* [Source records]:
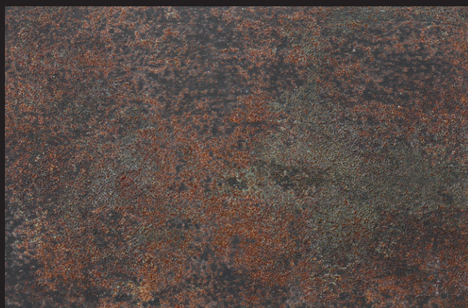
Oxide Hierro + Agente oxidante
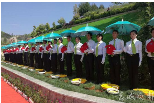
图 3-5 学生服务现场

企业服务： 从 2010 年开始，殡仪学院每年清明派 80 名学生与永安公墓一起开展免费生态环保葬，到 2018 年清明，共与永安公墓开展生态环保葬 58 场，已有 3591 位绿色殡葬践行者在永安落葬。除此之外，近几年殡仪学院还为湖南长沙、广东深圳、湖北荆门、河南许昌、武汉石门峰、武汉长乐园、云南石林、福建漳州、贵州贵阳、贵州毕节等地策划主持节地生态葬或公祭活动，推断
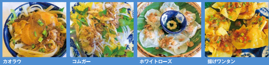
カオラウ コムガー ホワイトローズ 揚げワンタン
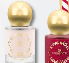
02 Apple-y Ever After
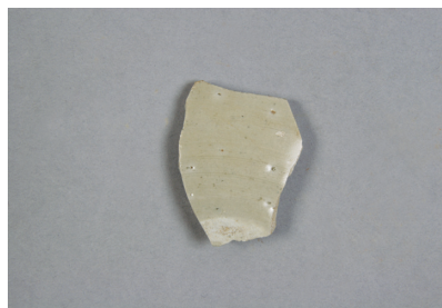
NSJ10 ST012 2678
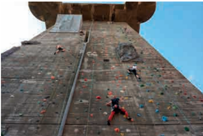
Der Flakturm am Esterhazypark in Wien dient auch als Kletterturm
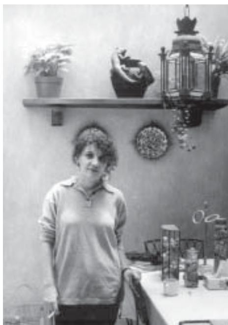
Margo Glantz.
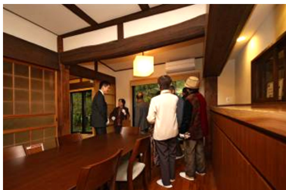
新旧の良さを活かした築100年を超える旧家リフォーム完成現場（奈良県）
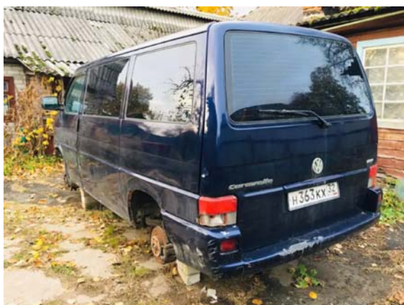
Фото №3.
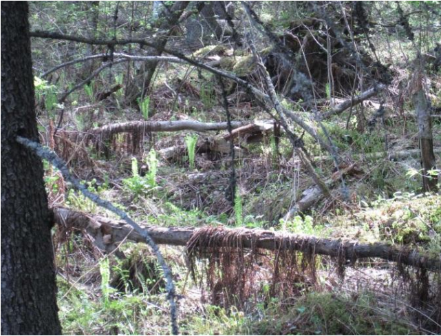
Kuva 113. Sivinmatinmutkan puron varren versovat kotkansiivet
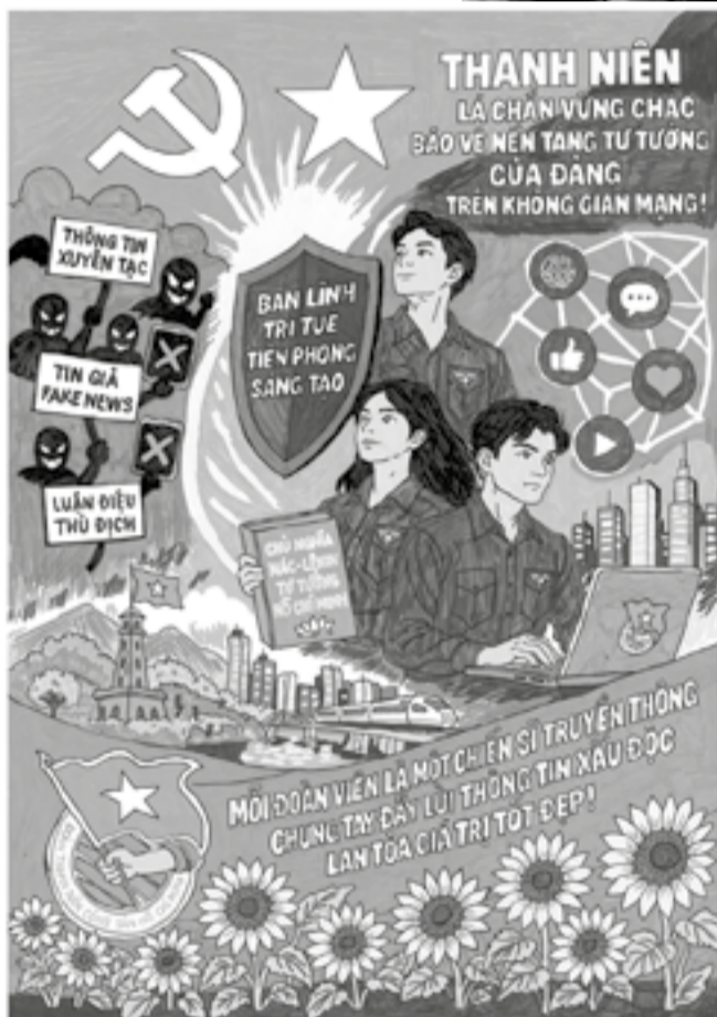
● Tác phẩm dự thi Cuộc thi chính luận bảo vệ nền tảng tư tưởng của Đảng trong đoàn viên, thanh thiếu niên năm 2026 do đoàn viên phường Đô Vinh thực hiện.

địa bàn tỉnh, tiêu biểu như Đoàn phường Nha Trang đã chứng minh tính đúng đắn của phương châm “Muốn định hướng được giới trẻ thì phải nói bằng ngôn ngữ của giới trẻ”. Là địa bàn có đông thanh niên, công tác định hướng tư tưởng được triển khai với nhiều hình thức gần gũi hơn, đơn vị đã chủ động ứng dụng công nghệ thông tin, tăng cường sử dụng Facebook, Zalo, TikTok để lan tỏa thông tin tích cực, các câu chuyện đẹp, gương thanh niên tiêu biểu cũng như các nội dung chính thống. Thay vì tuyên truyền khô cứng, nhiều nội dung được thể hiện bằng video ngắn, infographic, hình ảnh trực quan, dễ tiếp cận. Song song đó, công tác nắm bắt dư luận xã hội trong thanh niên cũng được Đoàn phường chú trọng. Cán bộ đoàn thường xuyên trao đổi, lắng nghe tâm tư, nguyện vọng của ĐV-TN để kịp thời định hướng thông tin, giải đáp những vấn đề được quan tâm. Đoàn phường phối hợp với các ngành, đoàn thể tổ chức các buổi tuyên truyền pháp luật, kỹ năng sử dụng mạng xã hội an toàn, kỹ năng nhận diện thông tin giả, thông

* [What you have to do]: Retype the data word for word, please, and keep the images out.

* [The completed task]:
Oxide Hierro + Agente oxidante
图 3-5 学生服务现场

企业服务： 从 2010 年开始，殡仪学院每年清明派 80 名学生与永安公墓一起开展免费生态环保葬，到 2018 年清明，共与永安公墓开展生态环保葬 58 场，已有 3591 位绿色殡葬践行者在永安落葬。除此之外，近几年殡仪学院还为湖南长沙、广东深圳、湖北荆门、河南许昌、武汉石门峰、武汉长乐园、云南石林、福建漳州、贵州贵阳、贵州毕节等地策划主持节地生态葬或公祭活动，推断
カオラウ コムガー ホワイトローズ 揚げワンタン
02 Apple-y Ever After
NSJ10 ST012 2678
Der Flakturm am Esterhazypark in Wien dient auch als Kletterturm
Margo Glantz.
新旧の良さを活かした築100年を超える旧家リフォーム完成現場（奈良県）
Фото №3.
Kuva 113. Sivinmatinmutkan puron varren versovat kotkansiivet
● Tác phẩm dự thi Cuộc thi chính luận bảo vệ nền tảng tư tưởng của Đảng trong đoàn viên, thanh thiếu niên năm 2026 do đoàn viên phường Đô Vinh thực hiện.

địa bàn tỉnh, tiêu biểu như Đoàn phường Nha Trang đã chứng minh tính đúng đắn của phương châm “Muốn định hướng được giới trẻ thì phải nói bằng ngôn ngữ của giới trẻ”. Là địa bàn có đông thanh niên, công tác định hướng tư tưởng được triển khai với nhiều hình thức gần gũi hơn, đơn vị đã chủ động ứng dụng công nghệ thông tin, tăng cường sử dụng Facebook, Zalo, TikTok để lan tỏa thông tin tích cực, các câu chuyện đẹp, gương thanh niên tiêu biểu cũng như các nội dung chính thống. Thay vì tuyên truyền khô cứng, nhiều nội dung được thể hiện bằng video ngắn, infographic, hình ảnh trực quan, dễ tiếp cận. Song song đó, công tác nắm bắt dư luận xã hội trong thanh niên cũng được Đoàn phường chú trọng. Cán bộ đoàn thường xuyên trao đổi, lắng nghe tâm tư, nguyện vọng của ĐV-TN để kịp thời định hướng thông tin, giải đáp những vấn đề được quan tâm. Đoàn phường phối hợp với các ngành, đoàn thể tổ chức các buổi tuyên truyền pháp luật, kỹ năng sử dụng mạng xã hội an toàn, kỹ năng nhận diện thông tin giả, thông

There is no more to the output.